Data provided:
#####

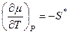 где S* и V* – энтропия и объем 1 моля чистого вещества (молярные энтропия и объем). Для 1 моля идеального газа V* = RT / P, поэтому
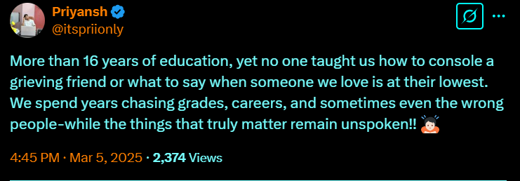 “More than 16 years of education, yet no one taught us how to console a grieving friend or what to say when someone we love is at their lowest. We spend years chasing grades, careers, and sometimes even the wrong people—while the things that truly matter remain unspoken!!”
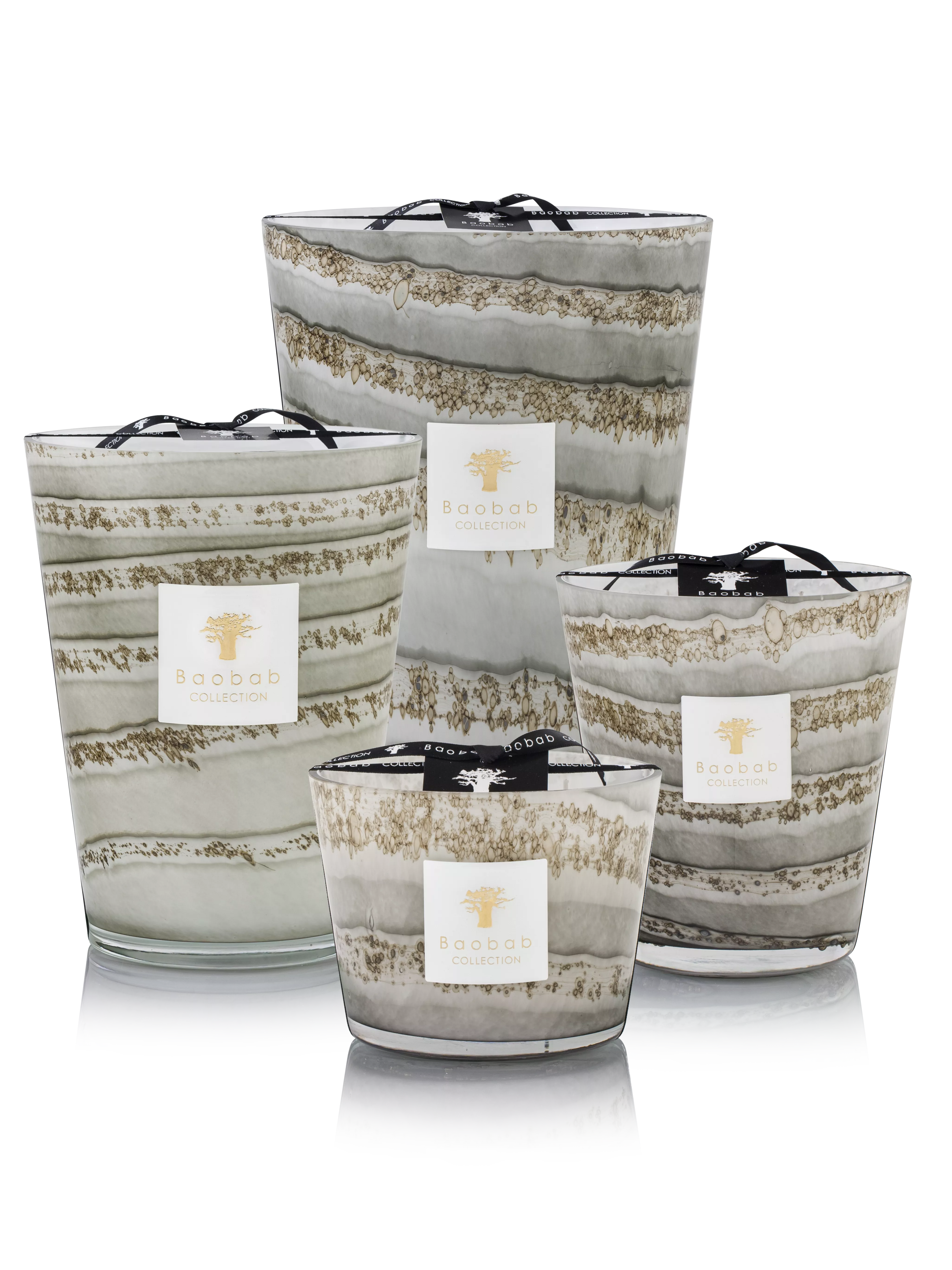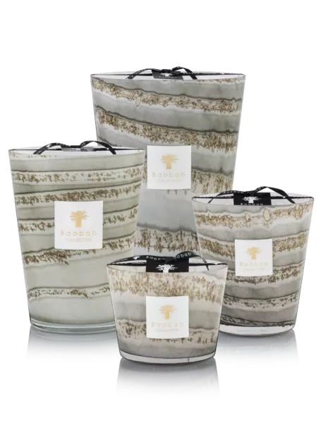 Un verre soufflé à la main avec des nuances de gris subtiles a été fabriqué par nos artisans verriers. Les strates horizontales forment des rayures grises parsemées de petits éclats ronds et organiques. La bougie parfumée Atacama apporte l'élégance minérale a vos intérieurs contemporains.

#####

Task item: Leave every picture out and set down exactly the lines running from the one with "than 16 years" to the last line of the material above.

Response below:
 “More than 16 years of education, yet no one taught us how to console a grieving friend or what to say when someone we love is at their lowest. We spend years chasing grades, careers, and sometimes even the wrong people—while the things that truly matter remain unspoken!!”
 Un verre soufflé à la main avec des nuances de gris subtiles a été fabriqué par nos artisans verriers. Les strates horizontales forment des rayures grises parsemées de petits éclats ronds et organiques. La bougie parfumée Atacama apporte l'élégance minérale a vos intérieurs contemporains.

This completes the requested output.